For clarity — the numbering for the ECGs done that I refer to omits the tracing with the vertical lines drawn in to label the J point.
- NOTE: We do not see any P waves until the 5th ECG that was done. I always look for P waves first in lead II — because sinus rhythm is defined by the presence of upright conducting P waves in this lead. My search for P waves next goes to lead V1 (generally the 2nd-best lead for identifying P waves) — and then to the other 10 leads on the tracing. P waves are absent until the 5th ECG ...
- The wide QRS rhythm is fairly regular for the first 3 ECGs that were done.

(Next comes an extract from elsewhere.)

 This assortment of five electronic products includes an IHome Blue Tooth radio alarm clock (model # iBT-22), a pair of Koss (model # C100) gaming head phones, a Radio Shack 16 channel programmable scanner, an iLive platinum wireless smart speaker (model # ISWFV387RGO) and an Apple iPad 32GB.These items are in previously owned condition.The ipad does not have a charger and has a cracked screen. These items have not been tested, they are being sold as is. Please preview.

- The rhythm then becomes irregularly irregular for the 4th ECG that was done — without significant change in the wide QRS morphology.
- Sinus P waves are clearly seen beginning with the 5th ECG. The rhythm is again regular with this 5th ECG — and, this is associated with some narrowing of the QRS complex, with significant change in QRS morphology (ie, less left axis; development of frank Q waves in high lateral and anterior leads, all in association with RBBB).

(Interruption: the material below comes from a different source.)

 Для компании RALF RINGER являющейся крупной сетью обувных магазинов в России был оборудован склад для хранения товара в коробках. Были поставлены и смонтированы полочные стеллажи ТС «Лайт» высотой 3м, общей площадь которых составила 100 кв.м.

- A regular sinus rhythm persists for the last 2 ECGs ( = ECGs #6 and #7) — without further change in QRS morphology.
BOTTOM LINE: I’m not sure what the original rhythms were … — but they were not sinus. Shark fin morphology was present — which allowed recognition of acute STEMI despite marked QRS widening.
I wonder what drives cases like this. Sometimes I feel that there is some sort of "consultant bias" coming from a desire to add value, where a consultant is actually less likely to adhere to a diagnosis if they know someone else already made it.

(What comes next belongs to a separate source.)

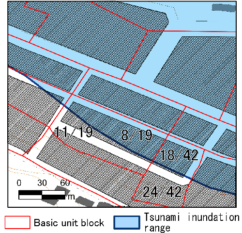 The population in the tsunami inundation range estimated in the present work does not necessarily represent the decrease of population that was actually suffered. Furthermore, the extent of the calamity cannot be discussed because tsunami height distribution data are unavailable. Nevertheless, information related to the prior population of areas that were influenced by the tsunami is important as basic data to support restoration plans. Particularly, local governments with a high population ratio in the tsunami inundation range must reconsider the previous structure of the city and community when producing restoration plans. Notes
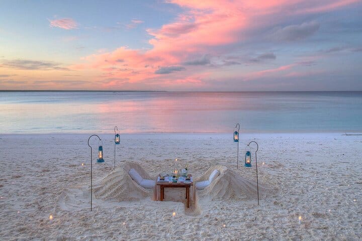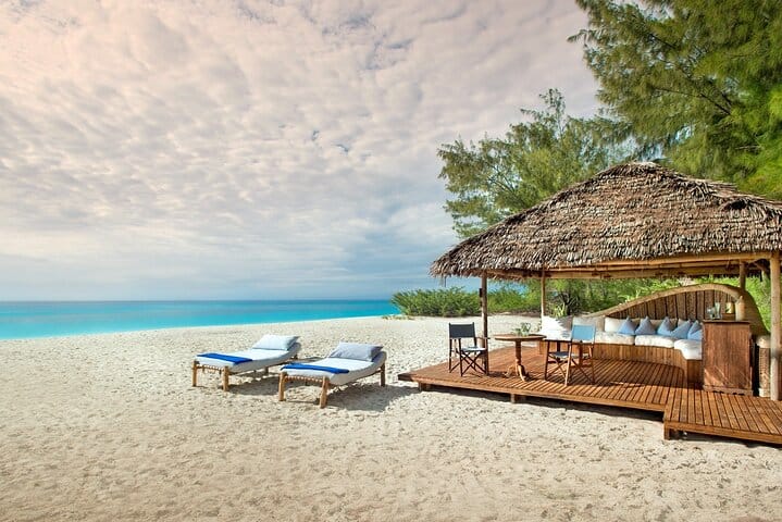 The waters surrounding Mnemba Island are breathtaking, with coral reefs and underwater plants creating a thriving barrier reef ecosystem. This vibrant marine environment is home to a diverse array of colorful fish and other fascinating marine creatures.

ReplyDeleteThere's also a bayesian problem here: recurrent VF arrest in this age group is overwhelmingly likely to be due to coronary disease. So without clearly non-ischemic etiology, a persistently unstable pt should always get cath.
Finally, I feel troponin adds nothing in these cases. By definition the entire myocardium was not getting perfused. You show very nicely that this is seen too late to affect management in an actual OMI. Conversely, I have seen asthmatics arrest with very high troponin later (why it was ordered, I do not know).
Kind regards,
Maarten Van Hemelen
ID/crit care resident
THANK YOU Maarten for your excellent comments! I’d simply add regarding the issue you raise in your first paragraph about “consultant bias” — my concern that even experienced providers (including a number of cardiologists in this case!) are simply UNAWARE of the entity of “shark fin morphology”. As I mention in My Comment (just above, near the bottom of the page) — recognition of shark fin morphology was made that much MORE challenging in this case, because NO P waves were present until the 5th ECG that was done! As a result, I believe the origin of the cardiac rhythm on these initial tracings was in question. That said — regardless of where the site of origin for the rhythm in initial tracings was — the likelihood of “shark fin” morphology should have been recognized on initial tracings, especially given this 70-ish year old patient’s presentation of new chest pain followed by cardiac arrest! And, as both you and Pendell emphasize — prompt cath WAS indicated. Troponin elevation should not have to be a “deciding factor” in the vast majority of cases. THANKS again for your comment — :)
DeleteThanks Maarten. I agree that recurrent VF and recurrent cardiac instability after ROSC generally deserves emergent cath regardless of EKG. I also agree that troponin should not be the focus of the cath decision, but there are some cases where understanding of OMI is very limited and troponin can indeed become an important part of the decision, see this one: http://hqmeded-ecg.blogspot.com/2019/09/troponin-trajectory-helps-determine.html
ReplyDeleteBut for the vast majority of OMI, I agree: if you're waiting for troponin to make up for your inability to see OMI on EKG, then the benefit of the intervention is likely greatly diminished and you've basically missed the boat. Conversely, you will also have unacceptable false positive cath lab activations if your decision is based on the troponin.